**What the task requires**. Among the entries below, only the lines starting at the one with "Cirio Legumi E" and ending at the one with "За даними сервісу", both included, are to be printed exactly.

**Data provided**.
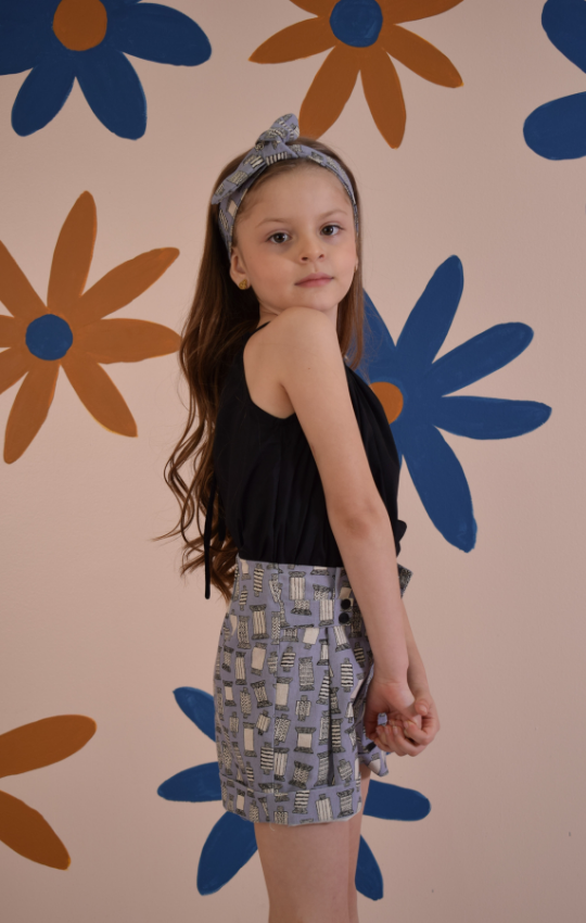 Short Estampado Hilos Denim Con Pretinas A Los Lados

==

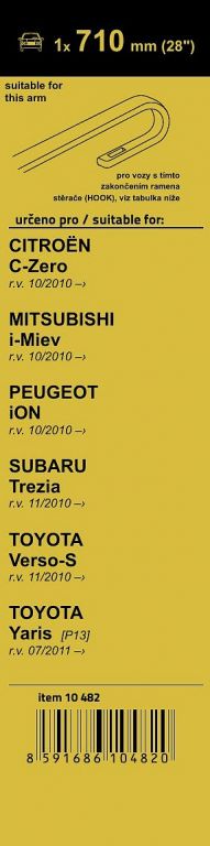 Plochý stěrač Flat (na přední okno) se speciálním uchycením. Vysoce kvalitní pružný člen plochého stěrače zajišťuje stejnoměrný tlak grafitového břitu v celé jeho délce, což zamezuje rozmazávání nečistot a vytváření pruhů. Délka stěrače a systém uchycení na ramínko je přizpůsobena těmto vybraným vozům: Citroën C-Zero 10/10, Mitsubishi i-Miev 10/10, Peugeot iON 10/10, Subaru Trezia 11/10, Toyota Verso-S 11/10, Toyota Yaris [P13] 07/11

==

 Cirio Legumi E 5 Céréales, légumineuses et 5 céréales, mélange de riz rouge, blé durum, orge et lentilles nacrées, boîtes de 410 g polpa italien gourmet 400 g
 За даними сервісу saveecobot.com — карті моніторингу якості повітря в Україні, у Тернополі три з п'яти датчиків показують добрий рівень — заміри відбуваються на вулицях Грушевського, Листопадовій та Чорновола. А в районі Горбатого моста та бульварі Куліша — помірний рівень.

**Answer below**.
 Cirio Legumi E 5 Céréales, légumineuses et 5 céréales, mélange de riz rouge, blé durum, orge et lentilles nacrées, boîtes de 410 g polpa italien gourmet 400 g
 За даними сервісу saveecobot.com — карті моніторингу якості повітря в Україні, у Тернополі три з п'яти датчиків показують добрий рівень — заміри відбуваються на вулицях Грушевського, Листопадовій та Чорновола. А в районі Горбатого моста та бульварі Куліша — помірний рівень.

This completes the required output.